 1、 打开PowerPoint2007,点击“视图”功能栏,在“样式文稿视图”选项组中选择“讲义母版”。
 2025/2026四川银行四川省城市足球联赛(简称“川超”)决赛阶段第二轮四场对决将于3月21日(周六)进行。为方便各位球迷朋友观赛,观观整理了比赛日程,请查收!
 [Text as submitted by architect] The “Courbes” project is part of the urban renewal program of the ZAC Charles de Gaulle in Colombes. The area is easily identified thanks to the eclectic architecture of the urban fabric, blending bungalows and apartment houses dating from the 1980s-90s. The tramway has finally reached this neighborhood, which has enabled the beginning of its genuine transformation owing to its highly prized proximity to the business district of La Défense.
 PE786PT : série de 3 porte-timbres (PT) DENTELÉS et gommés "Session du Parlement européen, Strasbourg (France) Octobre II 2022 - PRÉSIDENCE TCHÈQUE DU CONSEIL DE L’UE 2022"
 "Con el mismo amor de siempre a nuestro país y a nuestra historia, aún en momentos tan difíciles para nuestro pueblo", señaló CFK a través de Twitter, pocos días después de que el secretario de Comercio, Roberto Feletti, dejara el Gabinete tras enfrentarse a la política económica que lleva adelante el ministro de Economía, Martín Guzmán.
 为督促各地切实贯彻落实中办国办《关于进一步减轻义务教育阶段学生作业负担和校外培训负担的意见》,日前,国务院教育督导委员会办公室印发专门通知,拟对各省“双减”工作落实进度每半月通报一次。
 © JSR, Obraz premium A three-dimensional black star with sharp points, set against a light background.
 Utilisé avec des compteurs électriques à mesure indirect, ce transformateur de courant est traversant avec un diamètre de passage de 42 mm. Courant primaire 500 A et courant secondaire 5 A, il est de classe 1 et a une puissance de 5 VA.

==

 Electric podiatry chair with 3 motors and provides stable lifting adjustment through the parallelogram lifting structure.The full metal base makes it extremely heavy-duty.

--

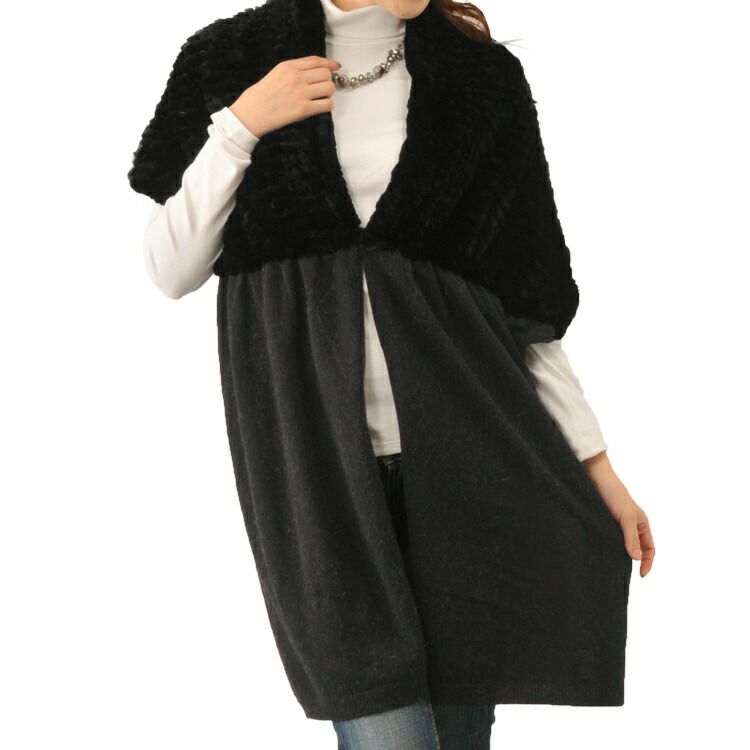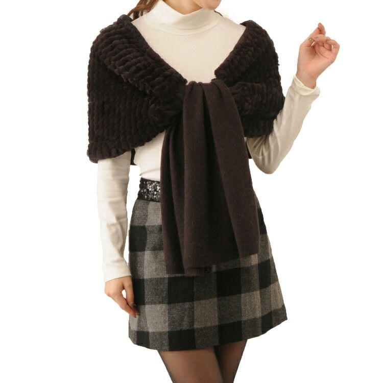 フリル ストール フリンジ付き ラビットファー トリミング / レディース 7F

How to complete this task. Show me all lines in the records that contain "with".

Result of this exercise.
 © JSR, Obraz premium A three-dimensional black star with sharp points, set against a light background.
 Electric podiatry chair with 3 motors and provides stable lifting adjustment through the parallelogram lifting structure.The full metal base makes it extremely heavy-duty.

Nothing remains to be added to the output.